Echte Wildnis auf verlassenen Truppenübungsplätzen

Thomas Krumenacker rezensiert den Bildband „Explosives Erbe“

Flugbegleiter – Ihre Korrespondenten aus der Vogelwelt

Wildnis ist in. Und wenn man den zahlreichen Fernsehfilmen, Magazinbeiträgen und nicht zuletzt Büchern zum Thema Glauben schenkt, dann ist Deutschland heute geradezu ein Wildnisparadies. Selbst den am dichtesten besiedelten Regionen wird ebenso leichthändig wie marketingfördernd allzu häufig dieses Prädikat verliehen, das sich so schön mit der Sehnsucht nach Natürlichkeit, Ursprünglichkeit und Unberührtheit verbindet. Selbst „Wildes Ruhrgebiet“ und „Wildes Berlin“ finden sich mittlerweile im Angebot – nur deshalb, weil natürlich auch in heftig urbanisierten Regionen Tiere und Pflanzen in einem Anpassungsprozess versuchen, sich zu behaupten.
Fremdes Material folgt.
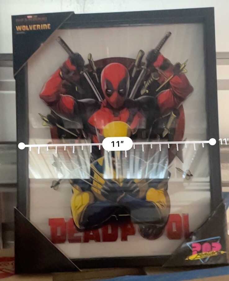Add some superhero flair to your home decor with this framed wall art picture featuring Deadpool and Wolverine. The limited edition poster is an original piece, measuring 14x11 inches and handmade in the United States. The poster is perfect for fans of the Marvel franchise and features the iconic characters in a stylish framed art style. The piece is a single piece and is not signed. The subject is the Marvel franchise and the style is framed art. The poster is an original licensed reprint produced in 2023. Personalize your space with this unique piece of art.

Einigen geht es in Siedlungsräumen mittlerweile sogar besser als auf dem Land, etwa, weil sie dort keinem so hohen Jagddruck unterliegen – zum Beispiel der Habicht in Berlin, Köln und Hamburg–, weil sie dort teilweise weniger häufig gemähte oder totgespritzte Offenflächen finden – zum Beispiel die Feldlerche auf dem ehemaligen Flughafen Tempelhof in Berlin – oder einfach, weil sie im Zuge einer Bestandserholung gelernt haben, menschgemachte Strukturen wie Industrieanlagen als Brutstandorte zu nutzen – wie der Wanderfalke im Ruhrgebiet. So schön das alles ist: Mit Wildnis hat es wenig bis nichts zu tun. Glück hat, wer in all diesem Wildnis-Hype ein Buch findet, das sich mit den Landstrichen hierzulande befasst, die dem Begriff Wildnis noch am nächsten kommen und in denen mindestens teilweise wirkliche Wildnisprozesse zugelassen werden. „Explosives Erbe – Natur und Artenvielfalt auf alten Truppenübungsplätzen“ von Sebastian Hennigs ist ein solches.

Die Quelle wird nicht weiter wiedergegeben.